__Task to carry out__
When the line containing "A ladies dry" is found in the data below, copy it and each line after it through the line containing "Лот1 Жилое помещение, кад.", exactly and with no others.

__Dataset records__
==*==

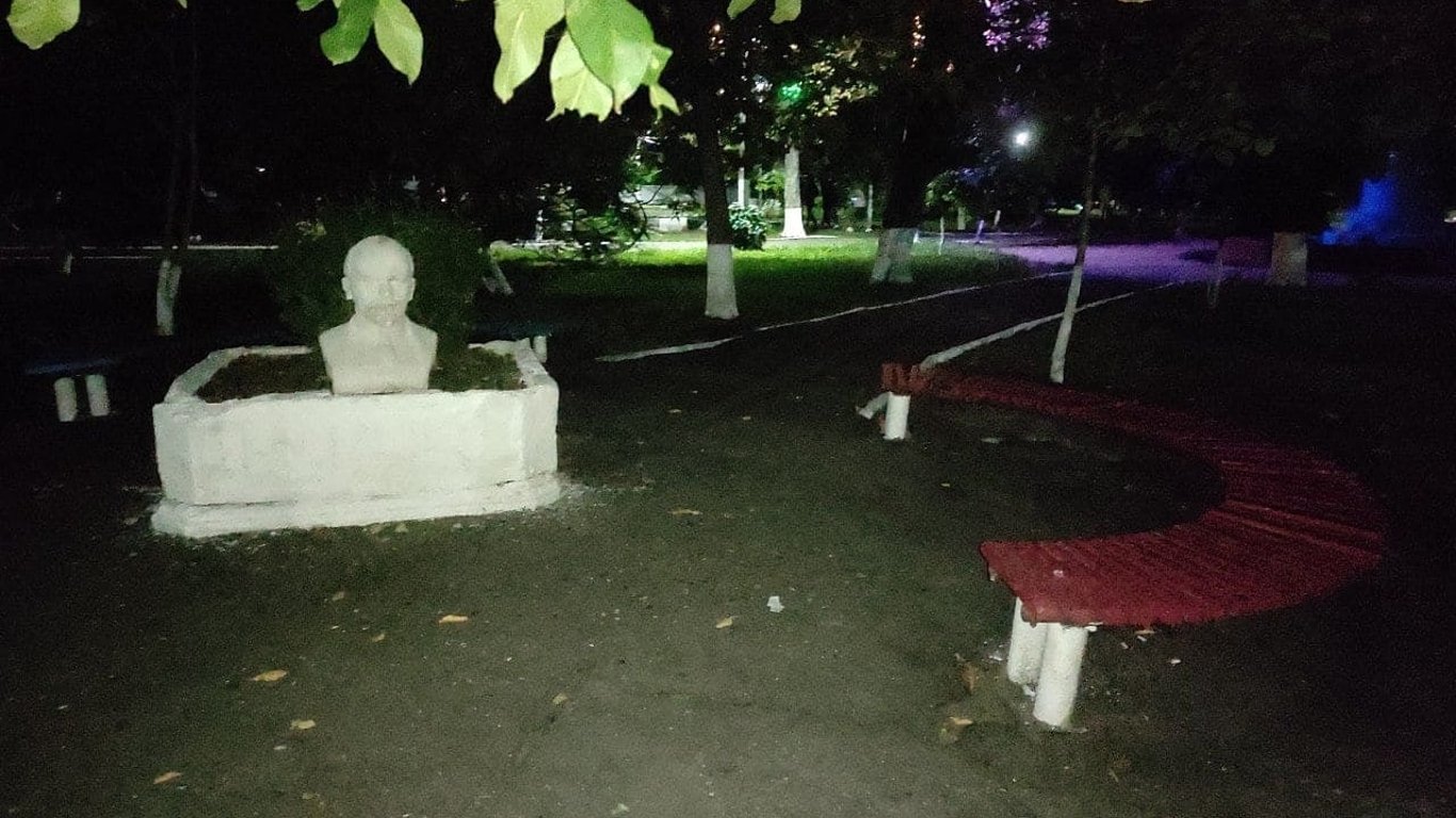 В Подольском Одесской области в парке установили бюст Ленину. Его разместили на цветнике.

==*==

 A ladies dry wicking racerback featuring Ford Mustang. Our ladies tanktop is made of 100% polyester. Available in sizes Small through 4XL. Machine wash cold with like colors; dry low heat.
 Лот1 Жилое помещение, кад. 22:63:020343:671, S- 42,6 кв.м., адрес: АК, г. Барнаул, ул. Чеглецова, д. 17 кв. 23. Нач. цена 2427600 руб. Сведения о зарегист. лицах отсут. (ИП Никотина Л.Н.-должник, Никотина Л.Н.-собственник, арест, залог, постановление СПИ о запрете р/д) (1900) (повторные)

==*==

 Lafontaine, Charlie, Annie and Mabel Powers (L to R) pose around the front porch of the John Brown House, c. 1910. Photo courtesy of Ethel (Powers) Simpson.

==*==

__Task output__
 A ladies dry wicking racerback featuring Ford Mustang. Our ladies tanktop is made of 100% polyester. Available in sizes Small through 4XL. Machine wash cold with like colors; dry low heat.
 Лот1 Жилое помещение, кад. 22:63:020343:671, S- 42,6 кв.м., адрес: АК, г. Барнаул, ул. Чеглецова, д. 17 кв. 23. Нач. цена 2427600 руб. Сведения о зарегист. лицах отсут. (ИП Никотина Л.Н.-должник, Никотина Л.Н.-собственник, арест, залог, постановление СПИ о запрете р/д) (1900) (повторные)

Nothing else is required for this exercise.